Canadian film director and screenwriter

Michael Jones (1944 – March 14, 2018) was a Canadian film director and screenwriter based in Newfoundland. He is known for his films which depicted the island's culture and humour.

==Early life==
Jones was born on March 28, 1944, the son of Agnes Dobbin and Michael Jones Sr. He was a brother to satirical Newfoundland writers/actors Andy Jones and Cathy Jones. Jones attended St. Bonaventure's College, graduating in 1962. He joined the Christian Brothers and studied at New York's Catholic Iona College. He earned a master's degree at Notre Dame.

==Career==
Jones took a position as a teacher in St. John's, Newfoundland, where he became involved in filmmaking. He left the Brothers in 1969. He left teaching to train with the National Film Board of Canada's Atlantic Studio in 1974, and was a founding member of the Newfoundland Independent Filmmaker's Co-op in 1975. Along with his brother Andy he created the film The Adventure of Faustus Bidgood, which was filmed over a period of ten years. He also directed Secret Nation and Congratulations. He was nominated for two Genie Awards for Faustus Bidgood, including Best Original Screenplay and Best Editing.

Mike Jones performed minor roles in all of his films, including the French teacher in Faustus Bidgood. He provided the voice of Leo Cryptus in his film Secret Nation, a sequel to Faustus, and played the lead role in William D. MacGillivray's 1983 film Stations.
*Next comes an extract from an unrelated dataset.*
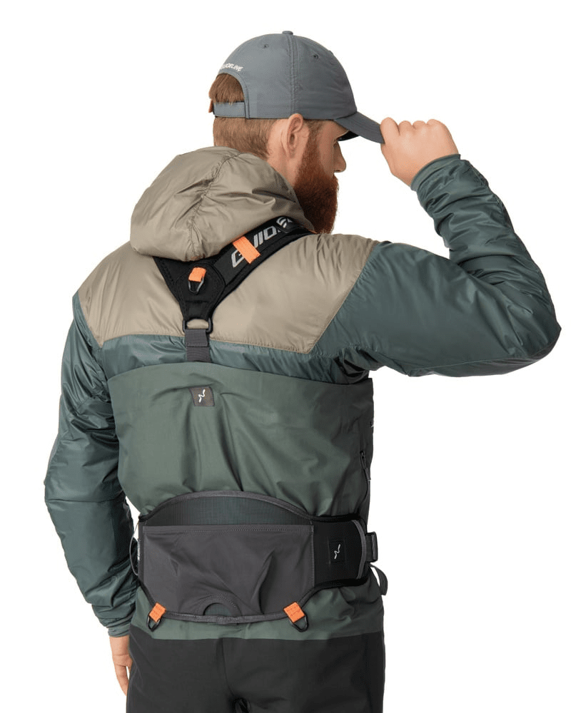 Med en något annorlunda form för att passa och fungera bra som stödbälte. Vi har också gett det två D-ringar baktill och två öglor vid höfterna för att fästa saker. Bra möjlighet att hitta sin egen punkt för att fästa vadarstaven. På baksidan av bältet finns en Spandex-ficka.
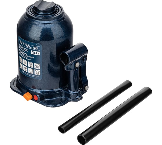 Домкрат гидравлический бутылочный Stels 51151, телескопический, используется для поднятия грузов весом до 10 т с на высоту 180-430 мм. Не требует больших усилий и оптимален для автомобилей с большим клиренсом. Домкрат можно использовать в гараже для самостоятельного ремонта машины или в автосервисе для решения профессиональных задач.

Although he was not a performing member of CODCO - the long-lived comedy troupe which included siblings Andy and Cathy - Jones directed and edited the company's short films including "Dolly Cake", "Sisters of the Silver Scalpel" and "Ship Inn Man".

==Death==
Jones died March 14, 2018, at the Health Sciences Centre in St. John's, Newfoundland.
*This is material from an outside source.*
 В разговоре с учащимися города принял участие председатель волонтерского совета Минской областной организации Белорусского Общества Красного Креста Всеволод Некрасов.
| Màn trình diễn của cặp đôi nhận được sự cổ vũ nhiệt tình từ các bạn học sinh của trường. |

Smash & Grab: The Rebel Lens of Mike Jones, a documentary film by Justin Simms about Jones and his filmmaking career, is slated to premiere at the 2026 Atlantic International Film Festival, alongside a retrospective screening of Faustus Bidgood.

==Filmography==

===As director===
- Dolly Cake (1976)
- The Adventure of Faustus Bidgood (1986)
- Secret Nation (1992)
- Congratulations (2000)

===As cinematographer===
- Dolly Cake (1976)
- Linda Joy (1985)
- The Adventure of Faustus Bidgood (1986)
- Opposing Force (1986)
- Finding Mary March (1988)
- Multiple Choice (1989)
- Anchor Zone (1994)
- When Ponds Freeze Over (1998)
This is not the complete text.